• **Data shown**
⁂

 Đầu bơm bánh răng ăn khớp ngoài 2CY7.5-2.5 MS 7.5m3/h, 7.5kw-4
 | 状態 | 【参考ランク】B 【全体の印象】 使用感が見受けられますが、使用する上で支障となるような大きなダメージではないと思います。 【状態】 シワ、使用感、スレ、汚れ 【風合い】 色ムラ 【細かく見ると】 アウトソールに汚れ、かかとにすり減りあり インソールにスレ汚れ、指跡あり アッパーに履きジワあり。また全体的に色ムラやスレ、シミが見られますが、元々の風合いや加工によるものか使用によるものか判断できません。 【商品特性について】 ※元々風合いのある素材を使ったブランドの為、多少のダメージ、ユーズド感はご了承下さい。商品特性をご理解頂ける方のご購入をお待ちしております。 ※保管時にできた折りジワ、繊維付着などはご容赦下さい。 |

⁂

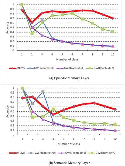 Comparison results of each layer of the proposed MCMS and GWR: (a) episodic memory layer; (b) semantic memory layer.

⁂

• **Goal of the exercise**
Look through the data above and return exactly the lines from the one that contains "Đầu bơm bánh" to the one that contains "状態 | 【参考ランク】B", inclusive, with nothing else.

• **Solution to this task**
 Đầu bơm bánh răng ăn khớp ngoài 2CY7.5-2.5 MS 7.5m3/h, 7.5kw-4
 | 状態 | 【参考ランク】B 【全体の印象】 使用感が見受けられますが、使用する上で支障となるような大きなダメージではないと思います。 【状態】 シワ、使用感、スレ、汚れ 【風合い】 色ムラ 【細かく見ると】 アウトソールに汚れ、かかとにすり減りあり インソールにスレ汚れ、指跡あり アッパーに履きジワあり。また全体的に色ムラやスレ、シミが見られますが、元々の風合いや加工によるものか使用によるものか判断できません。 【商品特性について】 ※元々風合いのある素材を使ったブランドの為、多少のダメージ、ユーズド感はご了承下さい。商品特性をご理解頂ける方のご購入をお待ちしております。 ※保管時にできた折りジワ、繊維付着などはご容赦下さい。 |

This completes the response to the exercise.